However, when Abram and Hagar bore a son, tension in their household heightened. Hagar’s ability to provide Abram a son caused Sarai to look down on her and treat her harshly. Understandably, Hagar fled from Sarai.

In the midst of this turmoil, we are reminded of God’s tender love and care for those who are afflicted. The angel of the Lord encouraged Hagar to return to Abram and Sarai, and even offered her the promise that her descendants would be numerous. It is no coincidence that God named Hagar’s son Ishmael, which means “God hears.” In response to God’s kindness, Hagar “named the Lord who spoke to her: ‘You are El-roi,’ for she said, ‘In this place, have I actually seen the one who sees me?’” God looked after Hagar, just as He does with us, even when we run.

As I reflect on the story, fleeing from the situation seems like an understandable response; it is difficult to imagine a servant confronting her master.

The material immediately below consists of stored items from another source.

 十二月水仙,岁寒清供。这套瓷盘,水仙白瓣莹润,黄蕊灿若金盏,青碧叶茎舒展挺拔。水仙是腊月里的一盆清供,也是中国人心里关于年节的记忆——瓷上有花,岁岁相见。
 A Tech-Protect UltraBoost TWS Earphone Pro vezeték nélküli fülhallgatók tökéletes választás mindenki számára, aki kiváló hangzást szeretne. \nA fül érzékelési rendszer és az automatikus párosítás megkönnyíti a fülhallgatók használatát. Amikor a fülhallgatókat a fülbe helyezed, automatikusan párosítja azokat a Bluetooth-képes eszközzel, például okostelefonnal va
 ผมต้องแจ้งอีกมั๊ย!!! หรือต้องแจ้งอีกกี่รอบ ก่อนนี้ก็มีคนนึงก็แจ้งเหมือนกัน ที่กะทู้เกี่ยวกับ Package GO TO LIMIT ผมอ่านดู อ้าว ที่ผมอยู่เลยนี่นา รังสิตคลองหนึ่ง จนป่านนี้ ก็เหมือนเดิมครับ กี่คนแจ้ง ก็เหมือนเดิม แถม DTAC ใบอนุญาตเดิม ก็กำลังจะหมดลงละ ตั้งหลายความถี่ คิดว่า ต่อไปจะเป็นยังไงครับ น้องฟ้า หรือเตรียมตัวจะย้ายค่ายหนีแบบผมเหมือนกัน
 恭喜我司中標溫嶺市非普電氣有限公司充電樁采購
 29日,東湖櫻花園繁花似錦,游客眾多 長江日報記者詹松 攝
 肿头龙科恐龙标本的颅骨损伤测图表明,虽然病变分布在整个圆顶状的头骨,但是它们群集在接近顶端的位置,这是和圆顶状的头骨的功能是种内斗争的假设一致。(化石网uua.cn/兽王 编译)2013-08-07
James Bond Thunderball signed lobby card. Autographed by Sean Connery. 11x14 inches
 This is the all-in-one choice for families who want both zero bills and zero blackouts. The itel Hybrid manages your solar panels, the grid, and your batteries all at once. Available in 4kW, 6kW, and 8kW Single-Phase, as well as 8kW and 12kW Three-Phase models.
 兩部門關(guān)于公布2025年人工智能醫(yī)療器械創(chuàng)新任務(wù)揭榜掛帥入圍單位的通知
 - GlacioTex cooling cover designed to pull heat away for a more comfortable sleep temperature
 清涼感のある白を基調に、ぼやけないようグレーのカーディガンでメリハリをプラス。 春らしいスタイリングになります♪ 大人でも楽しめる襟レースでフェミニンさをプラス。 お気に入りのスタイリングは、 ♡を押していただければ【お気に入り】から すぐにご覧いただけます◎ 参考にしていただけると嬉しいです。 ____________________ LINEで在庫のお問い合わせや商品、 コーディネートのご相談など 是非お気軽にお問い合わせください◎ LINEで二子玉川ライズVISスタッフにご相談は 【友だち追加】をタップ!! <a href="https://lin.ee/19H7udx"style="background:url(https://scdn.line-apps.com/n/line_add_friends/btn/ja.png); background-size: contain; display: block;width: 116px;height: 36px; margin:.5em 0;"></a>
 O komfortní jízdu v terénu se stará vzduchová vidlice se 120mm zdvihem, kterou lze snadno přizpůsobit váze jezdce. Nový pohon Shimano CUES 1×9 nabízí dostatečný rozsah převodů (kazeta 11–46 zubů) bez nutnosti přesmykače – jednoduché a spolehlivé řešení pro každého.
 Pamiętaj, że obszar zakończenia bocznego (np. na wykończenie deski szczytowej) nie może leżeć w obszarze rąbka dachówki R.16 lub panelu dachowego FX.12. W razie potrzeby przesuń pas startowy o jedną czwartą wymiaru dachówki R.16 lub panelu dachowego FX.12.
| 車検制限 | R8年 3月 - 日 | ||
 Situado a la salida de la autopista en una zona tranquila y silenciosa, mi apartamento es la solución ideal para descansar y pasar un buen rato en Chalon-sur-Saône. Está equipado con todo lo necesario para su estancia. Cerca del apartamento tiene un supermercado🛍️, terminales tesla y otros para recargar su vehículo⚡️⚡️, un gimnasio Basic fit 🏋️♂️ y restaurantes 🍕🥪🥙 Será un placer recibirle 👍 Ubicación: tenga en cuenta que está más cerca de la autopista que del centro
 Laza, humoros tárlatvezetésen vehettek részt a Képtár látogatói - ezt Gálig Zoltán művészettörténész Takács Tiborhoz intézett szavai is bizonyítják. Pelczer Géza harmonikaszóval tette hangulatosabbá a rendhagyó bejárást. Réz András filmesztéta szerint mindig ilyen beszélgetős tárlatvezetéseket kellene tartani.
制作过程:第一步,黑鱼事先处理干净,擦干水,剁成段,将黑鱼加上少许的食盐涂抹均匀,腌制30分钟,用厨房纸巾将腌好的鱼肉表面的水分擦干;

However, we are also reminded by the apostle Paul that we are not to avenge ourselves, but to overcome evil with good (Romans 12:19–21). The foundational belief behind this courageous command is that God sees our situation and knows our anguish. God hears us. God looks after us.

When we want to run from painful situations, we need to remember that God comforts, not by changing the circumstances of our lives, but by changing us through them, and eventually, perhaps even our attitude toward them.

When you are struggling with hardship at the hands of others, remember that God has not abandoned you, but is with you. One day you will look back on your situation and have a powerful reminder that the living God sees you—just as He saw Hagar. Let your perspective stretch beyond your current pain. Remember God’s past mercies, and remember that they are new today and every morning.